<center>
<h1>Multi-layer perceptron</h1>
</center>

---

As an example for a deep learning model, but keeping the computational requirements as minimal as possible, we will train and evaluate a MLP.

In [None]:
import os
import sys 
import matplotlib.pyplot as plt
import seaborn as sns
import pandas as pd
import numpy as np
from sklearn.feature_extraction.text import CountVectorizer
import torch
import mlflow
mlflow.autolog()
mlflow.set_experiment("Peptide retention time regression")
sns.set_style("darkgrid")

sys.path.append("..")
from src.data import load_data, preprocess_data, PeptideDataset
from src.models import LGBMModelHandler
from src.util import  rMAE, rMSE
from src.models import  MLP, TorchModelHandler

### Define the MLP and a model handler

In [None]:
data = load_data("../data/Peptides_and_iRT.tsv")


In [None]:
mlpHandler = TorchModelHandler(MLP, 
                               data=data, 
                               val_frac=0.15, 
                               test_frac=0.15, 
                               vectorizer=CountVectorizer, 
                               model_parameters=dict(hidden_dim=128, 
                                                     hidden_layers=3, 
                                                     output_dim=1, 
                                                     dropout_prob=0.3)
                            )

In [None]:
mlpHandler.train_eval()

In [None]:
mlpHandler.eval(mlpHandler.test_dataset)

## Plot the results

In [None]:
pred = mlpHandler.predict_all()

In [None]:
plt.figure()

y_true, y_pred = pred.T

sns.scatterplot(y_true, y_pred , marker='+', color="darkred")

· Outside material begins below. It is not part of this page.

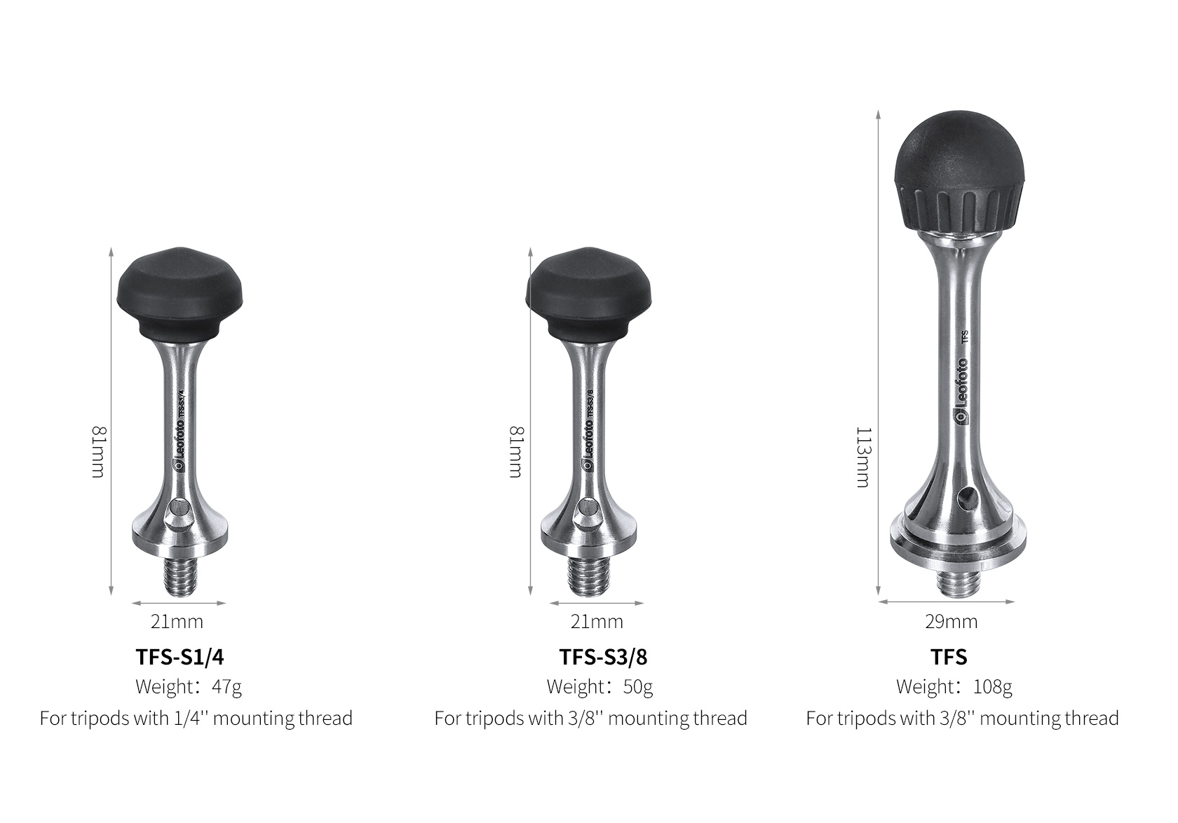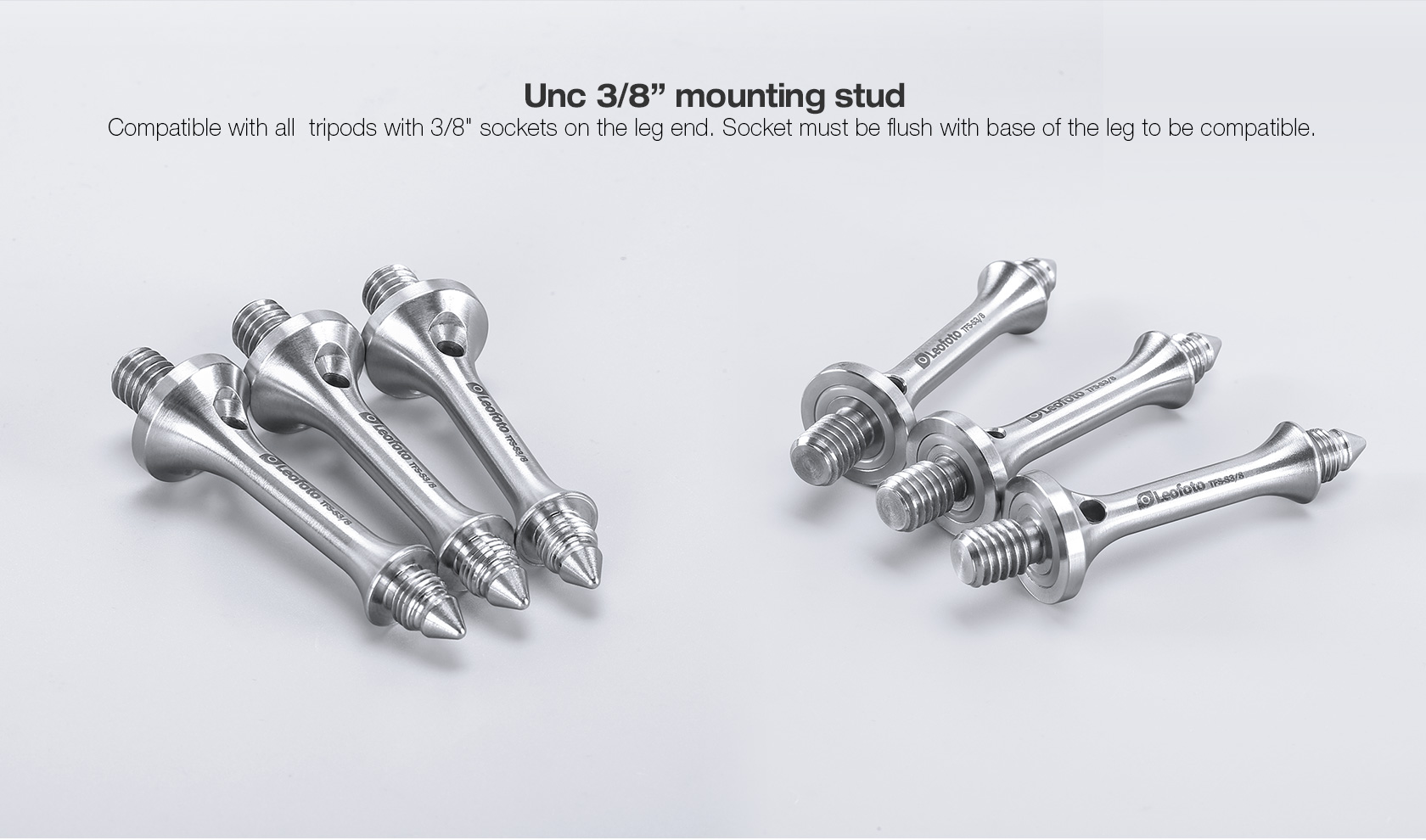 The Leofoto TFS 3/8 Long Spike/Rubber Foot Set comes with three long spikes with rubber end caps. The rubber end caps are used for indoor environments and may be removed for outdoor terrain. A rubber washer on the top of each spike ensures secure support for your tripod legs. Each claw features a 3/8″ mounting screw and can be attached to the bottom of tripod legs that have a 3/8″ thread for tripod feet.

plt.plot([-100,150], [-100, 150], color="black", lw=0.75)

plt.xlabel("iRT measured")
plt.ylabel("iRT predicted")


plt.title("MLP predictions vs. GT")
plt.tight_layout()

plt.show()

In [None]:
mlpHandler.dump("../models/mlp.pth")

In [None]:
mlpHandler.load("../models/mlp.pth")

<h1>
Conclusions
</h1>

The MLP does not perform on par with the LightGBM model (not very surprising to me). The model has not been tuned, or trained for very long due to limited resources, so there might be some room for improvement at the expense of training time and model size. For tabular data such as this, LightGBM is usually an excellent choice both in terms of accuracy and resource efficiency.

Note that the saving and loading has not been implemented with mlflow since this requires pytorch-lightning. In the interest of keeping this a lightweight project, I did not include it in the environment. Instead the model can be saved and loaded from the model handler.

You can load the model using the modelHandlers `load` method.